Scrapes match information from basketball-reference.com. Extracts the scores, pre-processes the data and visualises against time:
def score_table_from_url(url):
# Fetch URL contents
response = requests.get(url)
return response.content
def dataframe_from_table_html(html_str):
score_table = pd.read_html(io=html_str, attrs={"id": "pbp"}, flavor="bs4",)[0]
return score_table["1st Q"]
Data Cleaning
The output from the table parsing has quite a few issues which we need to clean. Below is a typical example of the initial pandas dataframe:
Time | Toronto | Unnamed: 2_level_1 | Score | Unnamed: 4_level_1 | Charlotte | |
---|---|---|---|---|---|---|
0 | 12:00.0 | Jump ball: S. Ibaka vs. B. Biyombo (P. McCaw gains possession) | Jump ball: S. Ibaka vs. B. Biyombo (P. McCaw gains possession) | Jump ball: S. Ibaka vs. B. Biyombo (P. McCaw gains possession) | Jump ball: S. Ibaka vs. B. Biyombo (P. McCaw gains possession) | Jump ball: S. Ibaka vs. B. Biyombo (P. McCaw gains possession) |
1 | 11:40.0 | O. Anunoby misses 2-pt layup from 2 ft | nan | 0-0 | nan | nan |
2 | 11:35.0 | nan | nan | 0-0 | nan | Defensive rebound by D. Graham |
The various steps we do to clean the data is outlined as follows:
def clean_table(score_df) -> pd.DataFrame:
score_df = remove_unnamed_columns(score_df)
score_df = add_quarter_column(score_df)
score_df = remove_nonscore_rows(score_df)
score_df = scores_to_separate_columns(score_df)
score_df, team_names = add_team_label(score_df)
score_df = add_action_label(score_df, team_names)
score_df = normalise_time_remaining(score_df)
# Make Time index
score_df.set_index(keys=["TimeElapsed"], inplace=True)
return score_df
The full source can be found here: https://github.com/stanton119/nba-scores/blob/master/src/main.py
After cleaning, the resulting dataframe is much easier to process for our plotting needs:
TimeElapsed | Time | Quarter | HomeScore | AwayScore | TeamLabel | Label |
---|---|---|---|---|---|---|
1900-01-01 00:00:20 | 11:40.0 | 1 | 0 | 0 | Toronto | O. Anunoby misses 2-pt layup from 2 ft |
1900-01-01 00:00:25 | 11:35.0 | 1 | 0 | 0 | Charlotte | Defensive rebound by D. Graham |
1900-01-01 00:00:38 | 11:22.0 | 1 | 0 | 2 | Charlotte | M. Bridges makes 2-pt layup from 2 ft (assist by P. Washington) |
1900-01-01 00:00:49 | 11:11.0 | 1 | 0 | 2 | Toronto | K. Lowry misses 3-pt jump shot from 30 ft |
1900-01-01 00:00:52 | 11:08.0 | 1 | 0 | 2 | Charlotte | Defensive rebound by M. Bridges |
Plot Generation
The plots are generated using the bokeh
library through hvplot
. hvplot
extends the standard pandas plotting API to use different backends.
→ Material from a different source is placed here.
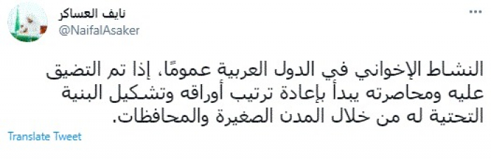 وقال في تغريدة عبر "تويتر" رصدها "المشهد العربي": "النشاط الإخواني في الدول العربية عمومًا، إذا تم التضيق عليه ومحاصرته يبدأ بإعادة ترتيب أوراقه وتشكيل البنية التحتية له من خلال المدن الصغيرة والمحافظات".

This allows us to create an interactive plot.
We can zoom and hover over data points.
The hover tools are setup to list all columns of our score dataframe.
The code requires for this becomes rather simple:
def create_plot(score_df):
score_plot = score_df.hvplot(
y=["HomeScore", "AwayScore"], hover_cols=list(score_df.columns)
)
hover = HoverTool(
tooltips=[(col, "@" + col) for col in ["HomeScore", "AwayScore"]]
)
score_plot = score_plot.opts(tools=[hover], show_grid=True)
return score_plot
Create a webservice
This code can be packaged up into a small webservice.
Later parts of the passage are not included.